Friday, May 19, 2017

Maybe he is there

I spent the afternoon driving a route for our motorcycle ride on Sunday for Adamshine. Within two hours I was frustrated as the route we had planned was not safe for bikes...and I refuse to put anyone in a dangerous situation. I was driving circles trying to rewrite our route.

I came flying down a hill, irritated as it was my third "go" at trying to make it work and I was running out of options. It had been starting to rain, and I was drained.

The sun had tried to peak through...but not enough. I was feeling defeated.

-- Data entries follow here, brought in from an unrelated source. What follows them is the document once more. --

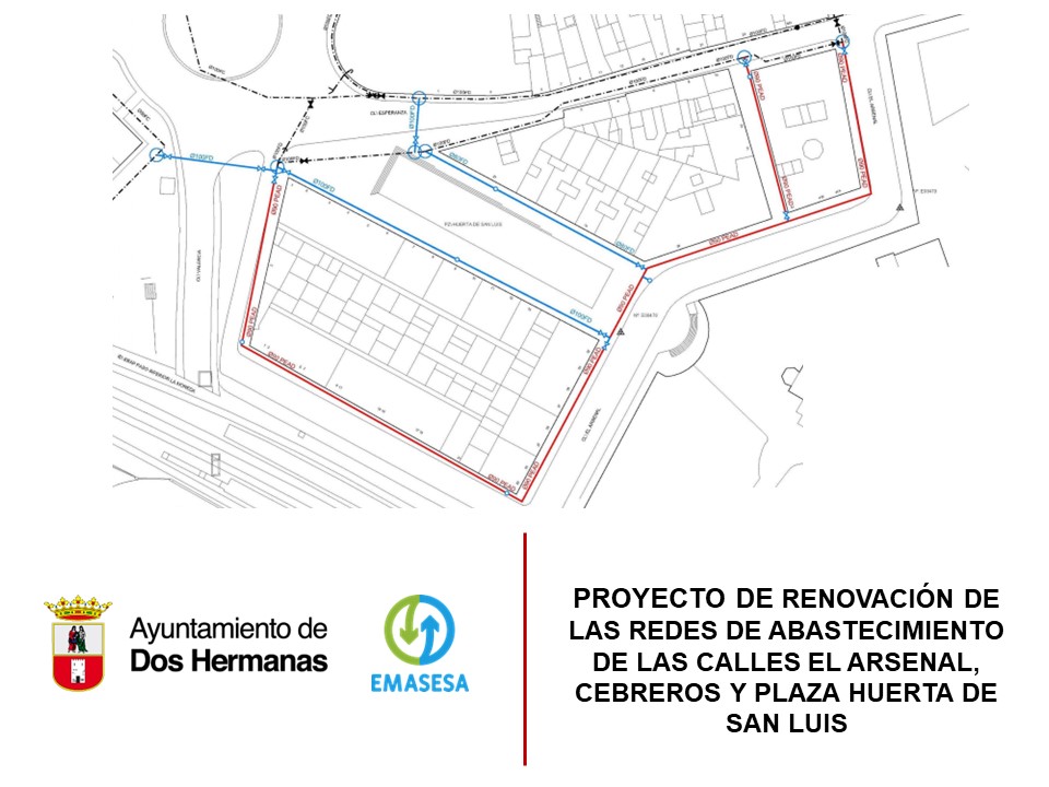 EMASESA ha comenzado en el día de hoy la renovación integral de las redes de abastecimiento en las calles Arsenal, Cebreros y la Plaza Huerta de San Luis, una actuación necesaria para mejorar el servicio y garantizar la conservación de las infraestructuras hidráulicas existentes en este entorno del casco urbano.
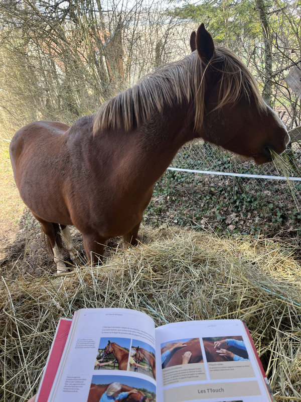 | Dire merci | Quinoa a trouvé la bardane ![]() ![]() C’est marrant son toupet a vraiment gardé une texture de crins de poulain tout doux et fin. Bon on a réussi à s’en sortir sans couper, ouf ! Sakr est un peu relou. Bon déjà il bosse pas, les jours rallongent et je pense que mon compagnon qui lui amène l’eau le laisse un peu déborder côté espace/bulle, ca doit lui donner des idées. Je me replonge dans les bouquins de VSV et de Corbigny, ça fait du bien comme de toute façon je ne vais pas remonter tt de suite.. ! Je me rends compte que je ne dois manquer de précisions dans certaines demandes d’ailleurs, et que je ne vais pas au bout des choses. il marche trop vite pour qu’on aille se balader à pied, j’ai vraiment plus de cardio ![]() J’ai récupéré des fiches d’equifeel mais sans m’inscrire au concours virtuel. J aurai eu une vidéo à poster par mois jusqu’en Juin mais en pondant en Avril je sais pas si j’aurai pu tenir le rythme en m’investissant suffisamment. |
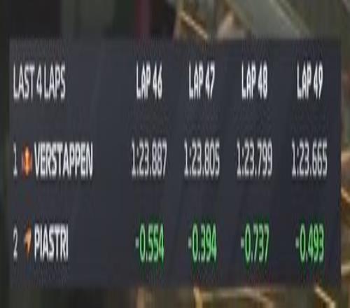 第48圈比赛仅剩9圈,皮亚斯特里还差身前维斯塔潘13秒!虽然前者每圈能够追近0.5秒左右,但奈何圈数不够啊!
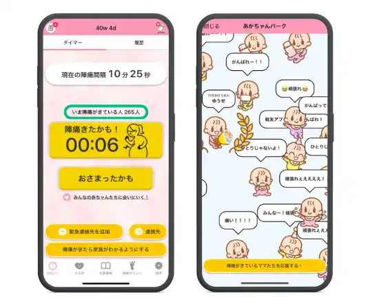 本機能は、アプリ上で「陣痛きたかも!」を記録したママの人数がリアルタイムで画面に表示するとともに、ママ同士で応援メッセージを投稿できる機能※ を追加しました。「いま、自分と同じように頑張っているママがいる」という実感を通じて、出産というライフイベントにおける励まし合いと、アプリでつながるママ同士の“支え合い”を実現します。 |

As I came down the hill a James Taylor song came on. One I hadn't heard in years. I instantly felt my attitude change a little...and then I saw it.

Cascade.

I know that road like the back of my hand. I blew past it because I was trying to finish the route. I got to the next road we were supposed to turn down...and for the 40th time today...gravel. Road work. A big old NOPE in the bike world.

So I turned around. I went back to Cascade. And guys...the sun came out. It started SHINING.

I went down the road...and stopped on a bridge.

I lost it. Tears pouring.

The waterfall where I spread my father's ashes is just off of Cascade Road.

The route works through that road. It's the only one that isn't destroyed from winter plowing.

Today I was supposed to be on that road. He tried to tell me and I didn't listen.

So maybe he is there. Even when I fight it.

For the first time in any moment I can remember...I have to say thanks dad. I didn't expect that today. And it has me feeling things I had buried years ago.